_ABOUT THIS TASK_
These records are to be written out exactly as they read, minus the pictures.

_DATA RECORDS_
══════════════════════════════
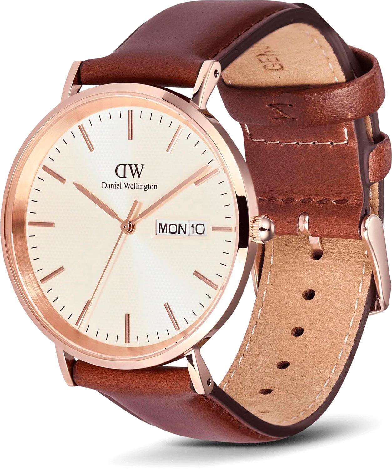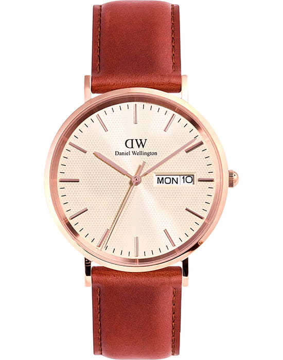 Daniel Wellington — минималистичные мужские часы, сочетающие современную элегантность и скандинавскую строгость. Круглый корпус диаметром 40 мм выполнен из нержавеющей стали с PVD-покрытиемPVDУльтратонкое покрытие наносится в технике вакуумного напыления, сочетает в себе нитрид титана особой прочности со слоем золота или оксида хрома. Несёт в себе декоративную или защитную функцию. с полированной поверхностью, акцентируя чистоту линий.
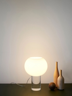 I Buds serien er det blæst glas kombineret med en gennemsigtig base, der kendetegner denne smukke bordlampe. Buds 3 er den mindste i Buds serien. Farvenuancen på Buds skifter alt efter om den er tændt, hvor den får en varm tone, og om den er slukket, hvor farvetonen bliver lidt koldere.
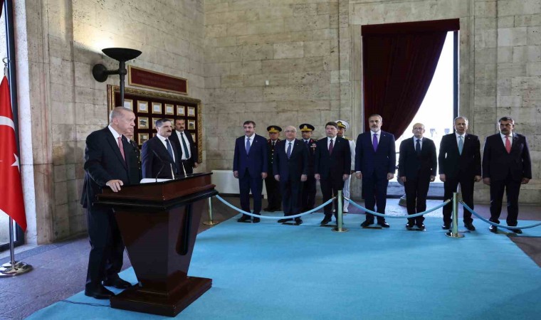 Cumhurbaşkanı Erdoğan’ın ay yıldız motifli çelengi Atatürk’ün mozolesine bırakmasının ardından saygı duruşunda bulunuldu, İstiklal Marşı okundu. Cumhurbaşkanı Erdoğan başkanlığındaki heyet, mozoleye çıkan merdivenin önünde fotoğraf çektirdikten sonra Misak-ı Millî Kulesi’ne geçti. Burada Anıtkabir Özel Defteri’ni imzalayan Cumhurbaşkanı Erdoğan, deftere şunları yazdı:
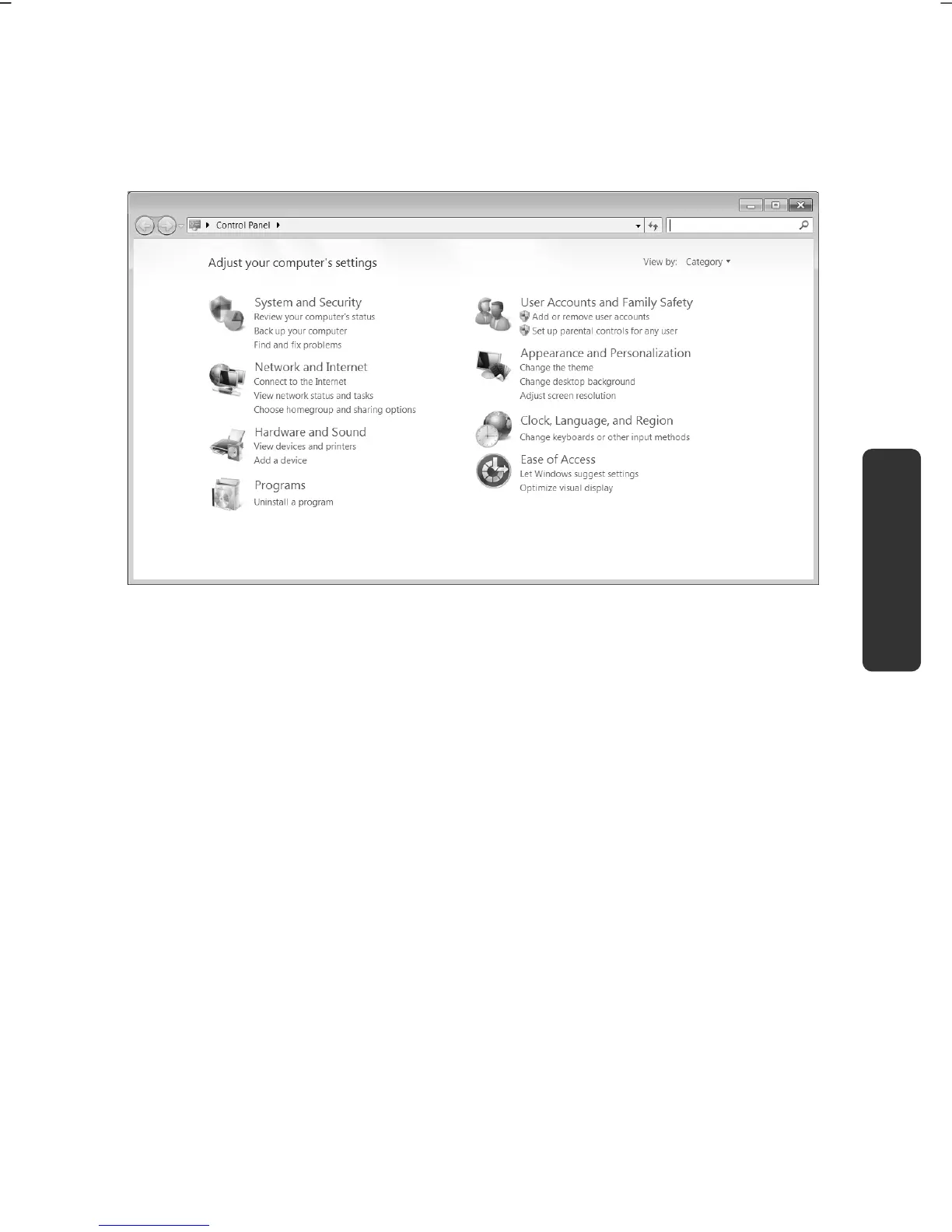 of the Control Panel are displayed by category.
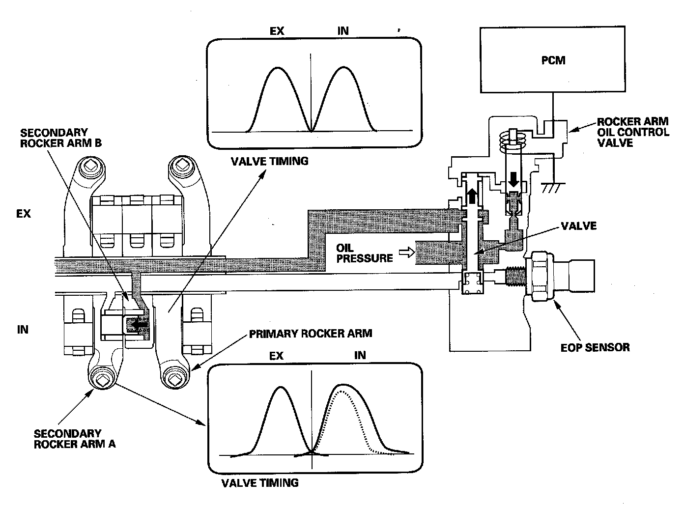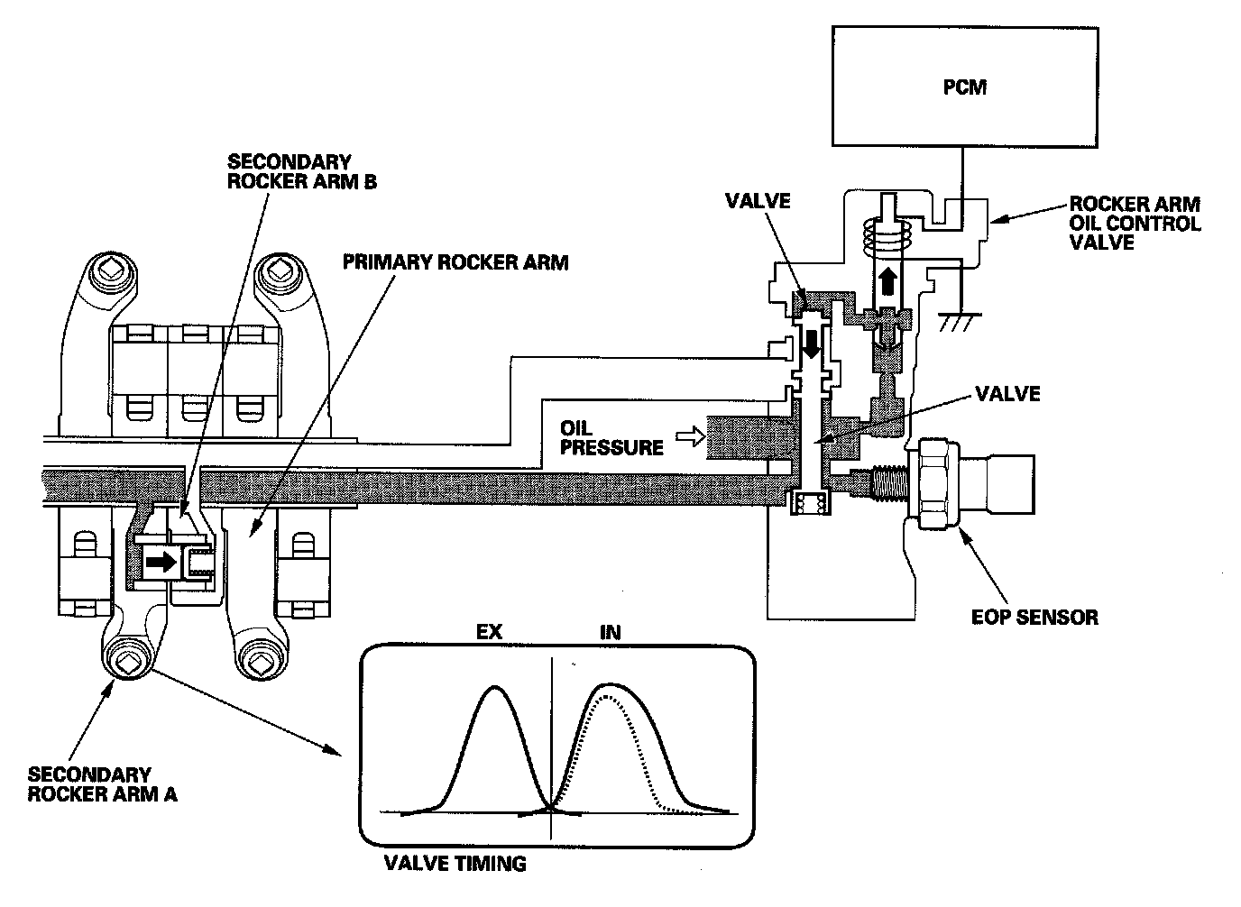This forces the VTEC switching piston into secondary rocker arm A against the return spring and disengages the secondary arm A from secondary arm B to stop valve actuation.
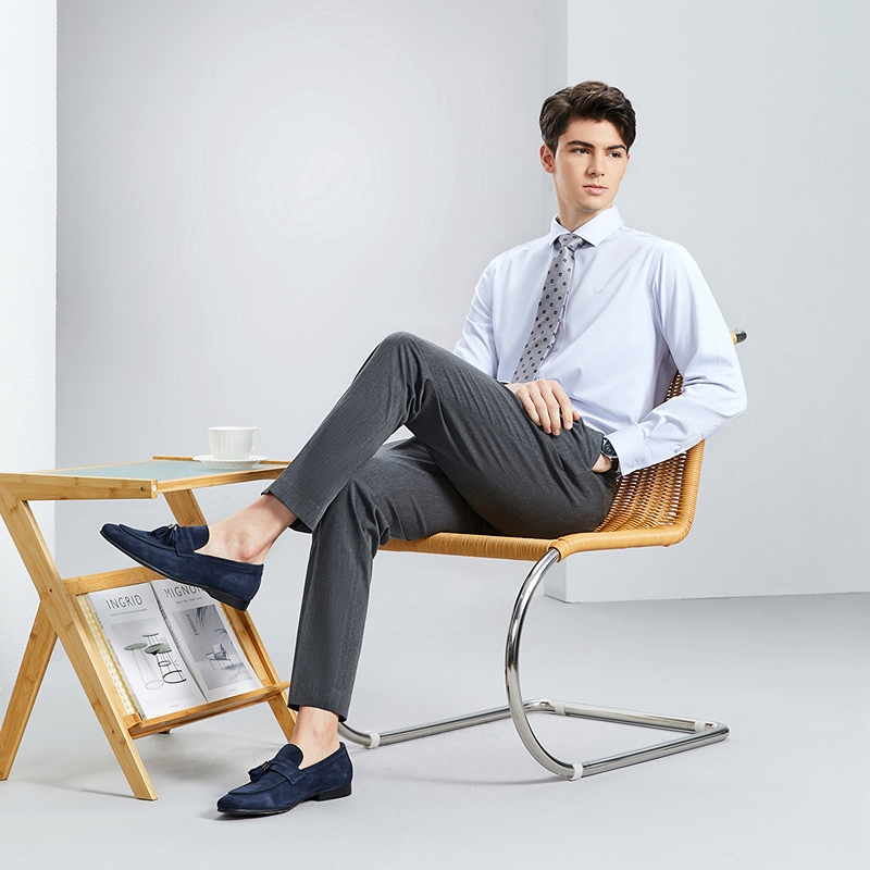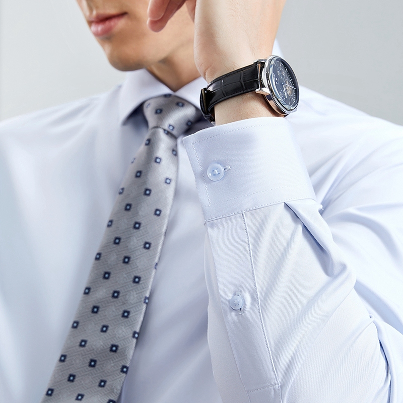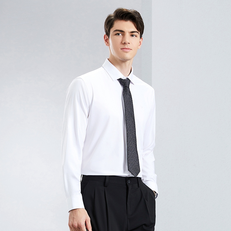 【含竹纤维】柒牌长袖衬衫男士秋季新款商务百搭易去污翻领衬衣
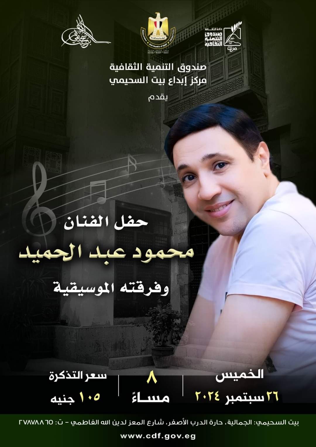يقيم مركز إبداع بيت السحيمي بشارع المعز، التابع لقطاع صندوق التنمية الثقافية برئاسة المعماري حمدي السطوحي أمسية طربية جديدة للفنان محمود عبد الحميد وفرقته الموسيقية، وذلك في الثامنة مساء الخميس 26 سبتمبر.
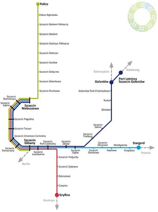 Schematic map of the lines serving SKM in Szczecin and the surrounding area [].
══════════════════════════════
_YOUR SOLUTION_
 Daniel Wellington — минималистичные мужские часы, сочетающие современную элегантность и скандинавскую строгость. Круглый корпус диаметром 40 мм выполнен из нержавеющей стали с PVD-покрытиемPVDУльтратонкое покрытие наносится в технике вакуумного напыления, сочетает в себе нитрид титана особой прочности со слоем золота или оксида хрома. Несёт в себе декоративную или защитную функцию. с полированной поверхностью, акцентируя чистоту линий.
 I Buds serien er det blæst glas kombineret med en gennemsigtig base, der kendetegner denne smukke bordlampe. Buds 3 er den mindste i Buds serien. Farvenuancen på Buds skifter alt efter om den er tændt, hvor den får en varm tone, og om den er slukket, hvor farvetonen bliver lidt koldere.
 Cumhurbaşkanı Erdoğan’ın ay yıldız motifli çelengi Atatürk’ün mozolesine bırakmasının ardından saygı duruşunda bulunuldu, İstiklal Marşı okundu. Cumhurbaşkanı Erdoğan başkanlığındaki heyet, mozoleye çıkan merdivenin önünde fotoğraf çektirdikten sonra Misak-ı Millî Kulesi’ne geçti. Burada Anıtkabir Özel Defteri’ni imzalayan Cumhurbaşkanı Erdoğan, deftere şunları yazdı:
 of the Control Panel are displayed by category.
This forces the VTEC switching piston into secondary rocker arm A against the return spring and disengages the secondary arm A from secondary arm B to stop valve actuation.
 【含竹纤维】柒牌长袖衬衫男士秋季新款商务百搭易去污翻领衬衣
يقيم مركز إبداع بيت السحيمي بشارع المعز، التابع لقطاع صندوق التنمية الثقافية برئاسة المعماري حمدي السطوحي أمسية طربية جديدة للفنان محمود عبد الحميد وفرقته الموسيقية، وذلك في الثامنة مساء الخميس 26 سبتمبر.
 Schematic map of the lines serving SKM in Szczecin and the surrounding area [].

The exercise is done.